Webster's Microcomputer Buyer's Guide
- Author: Tony Webster
- Genre: Non-fiction
- Publisher: McGraw-Hill
- Publication date: 1981
- ISBN: 978-0-070-68959-6

= Webster's Microcomputer Buyer's Guide =

1981 book

Webster's Microcomputer Buyer's Guide is a book written by Tony Webster and published in 1981.

==Contents==
Webster's Microcomputer Buyer's Guide is a book which contains over 300 pages of computer industry information. Both microcomputer producers and sellers of software for specific models are listed. Sales prices of CPUs and peripheral devices and an expected price for a complete installation are given in the book. Photographs of hardware are included.

==Reception==
Gene Allen reviewed the book for Computer Gaming World, and stated that "if you want or need a rapid education about the microcomputer industry, this book will help you at least know the right questions to ask. That in itself could be worth a great deal."

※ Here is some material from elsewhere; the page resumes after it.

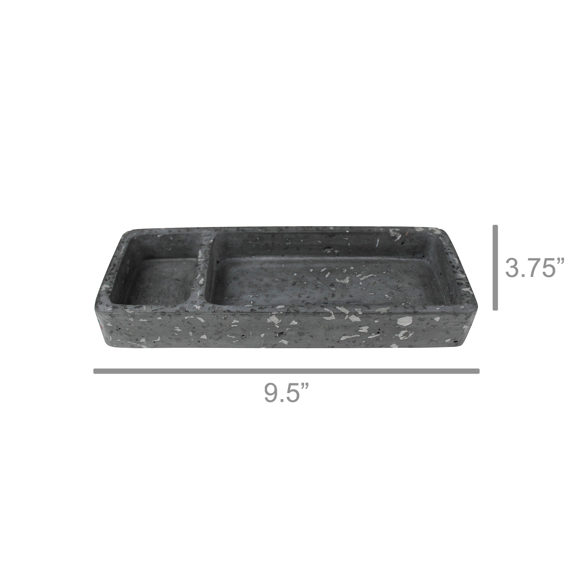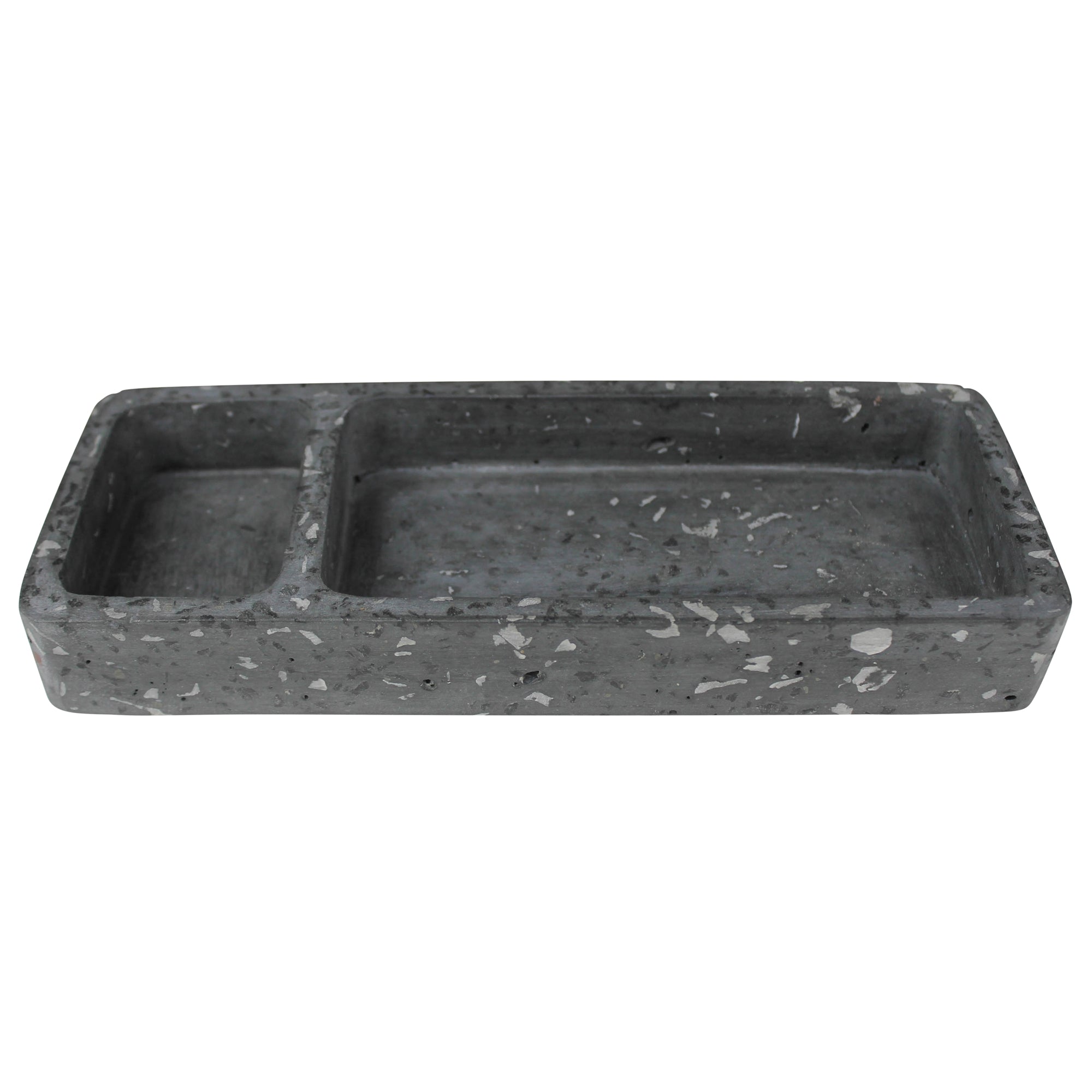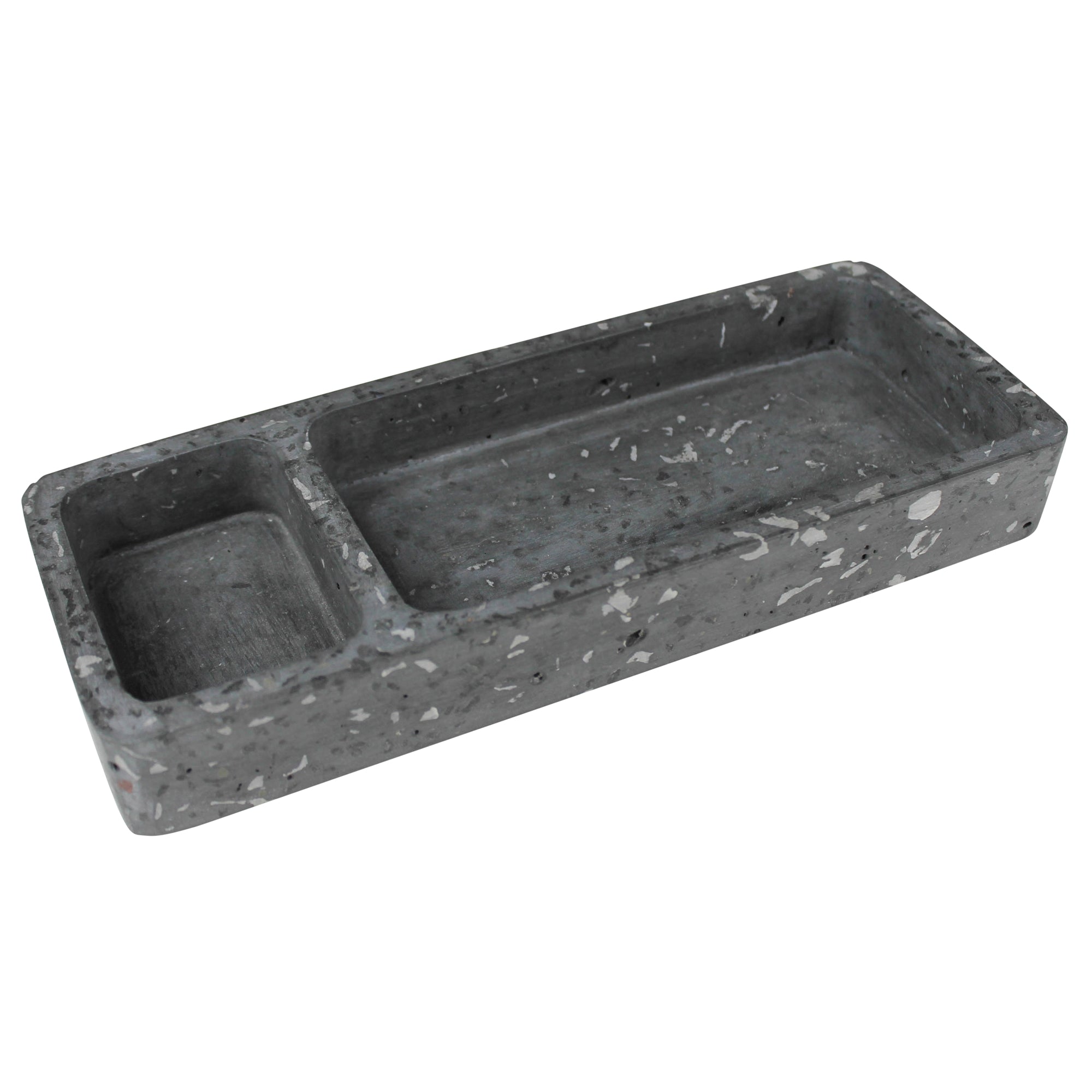 Fun, confetti like specs of marble and quartz pop through the smooth cement form of this terrazzo tray offering a happy place to organize desk supplies. For decorative use only.

In their book The Reader's Guide To Microcomputer Books, Michael Petrusha and Ronald Nicita rated the book 90 points of a scale from 10 to 100, and wrote "It is a valuable reference manual crammed with precise, detailed comparisons of most microcomputers" although they also think that "[t]he chapters which precede the actual encyclopedic treatment of the micro market, however, fail to rise to the standards set by the rest".